— Ай-ай! — удовлетворенно произнес малыш и собрался было захлопать ручками в перевязочках, но затем вдруг зевнул и растопырил пальчики.

— Уже устал? Да, моя радость? — Когда он еще раз зевнул, Эмили встала на колени и уложила его на подушки в корзинку, которую они купили специально для этой поездки. Потом нежно укрыла его одеяльцем, а миссис Эванс, сидевшая напротив, с улыбкой оторвала близорукие глаза от книги, полюбовалась этой очаровательной картинкой и снова погрузилась в чтение. В путешествии по железной дороге англичанка тоже обещала быть приятной компанией.

Англичанка не знала языка суахили, на котором говорили между собой Генрих и Эмили; однако она к своим обязанностям относилась очень серьезно и, казалось, старалась сделаться почти незаметной, когда ее помощь не требовалась.

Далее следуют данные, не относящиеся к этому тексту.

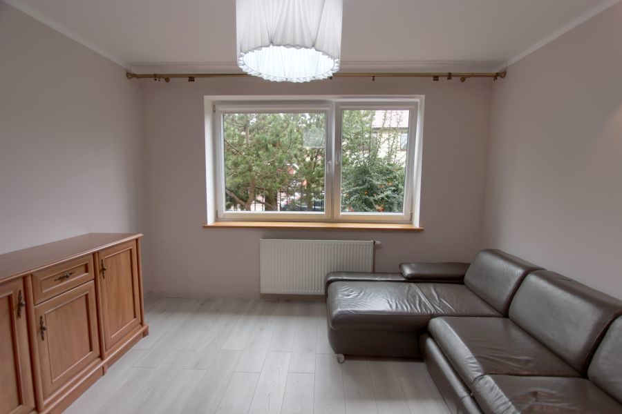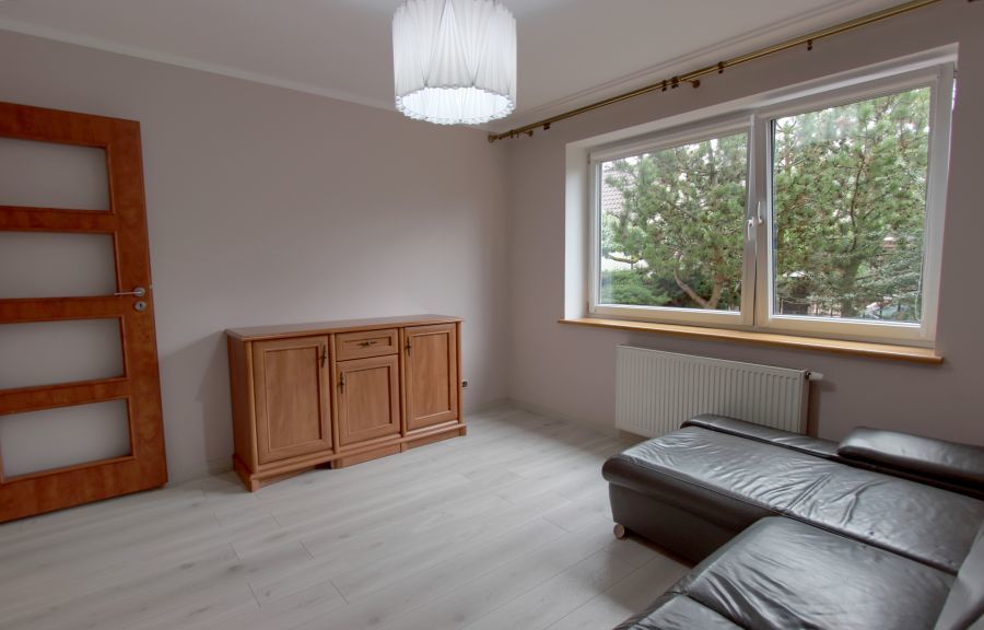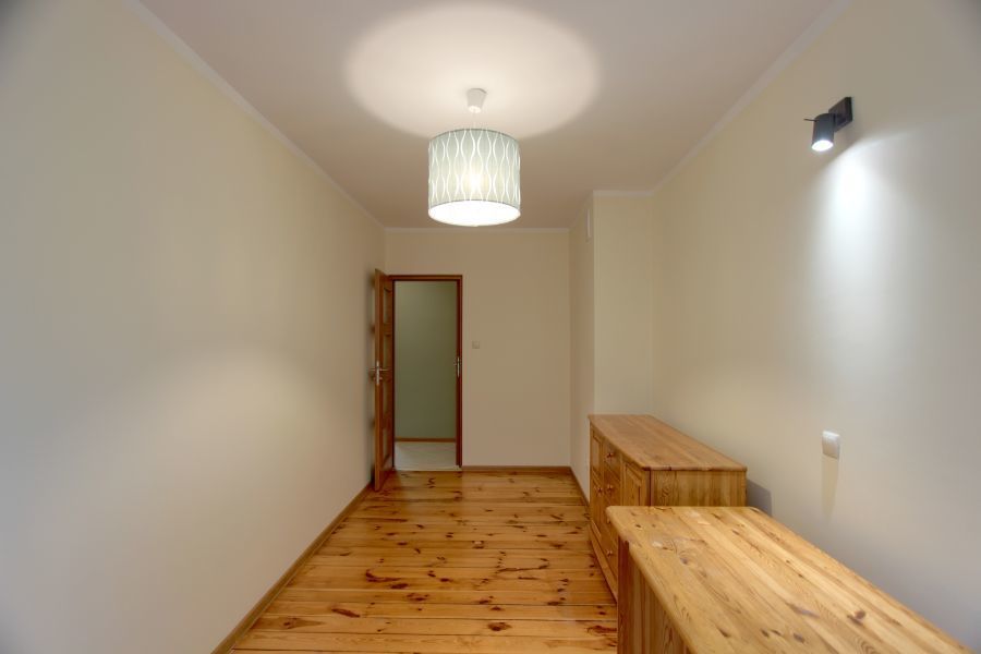 Mieszkanie zostało gruntownie odnowione. Ściany wygładzone i pomalowane, na podłodze jasne panele. Mieszkanie jest jasne i słoneczne.

— В этой корзинке он лежит как та булка, которую ты подарил мне, когда я переехала на твою улицу, — сказала Эмили со смехом.

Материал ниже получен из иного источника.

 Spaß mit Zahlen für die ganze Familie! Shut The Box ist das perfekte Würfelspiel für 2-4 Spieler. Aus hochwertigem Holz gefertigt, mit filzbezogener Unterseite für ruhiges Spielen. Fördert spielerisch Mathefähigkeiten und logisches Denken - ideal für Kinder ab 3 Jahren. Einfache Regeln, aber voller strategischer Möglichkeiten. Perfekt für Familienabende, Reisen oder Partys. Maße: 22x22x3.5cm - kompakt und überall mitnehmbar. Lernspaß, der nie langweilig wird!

— Словно Моисей в тростнике, — развеселился Генрих и протянул ей руку.

Эмили села на свое место и прижалась к руке мужа. На несколько секунд они утонули в глазах друг друга.

— Мы все сделали правильно, — прошептал Генрих.

Его слова подняли в Эмили бурю эмоций — как будто что-то бросили в море, и оно медленно-медленно опускается на дно, а круги все идут по воде.

— Да.

— Ничто теперь не сможет нас разлучить, Биби Салме, — продолжал он. — Ничто и никто. Я не допущу этого. Ты и малыш Генрих, вы теперь навсегда мои.

В первый раз за много недель Эмили стало уютно и спокойно. Объятья мужа и его голос сотворили чудо. Прижавшись друг к другу, они молча любовались проплывающими мимо пейзажами южной Франции, на которую медленно опускался вечер.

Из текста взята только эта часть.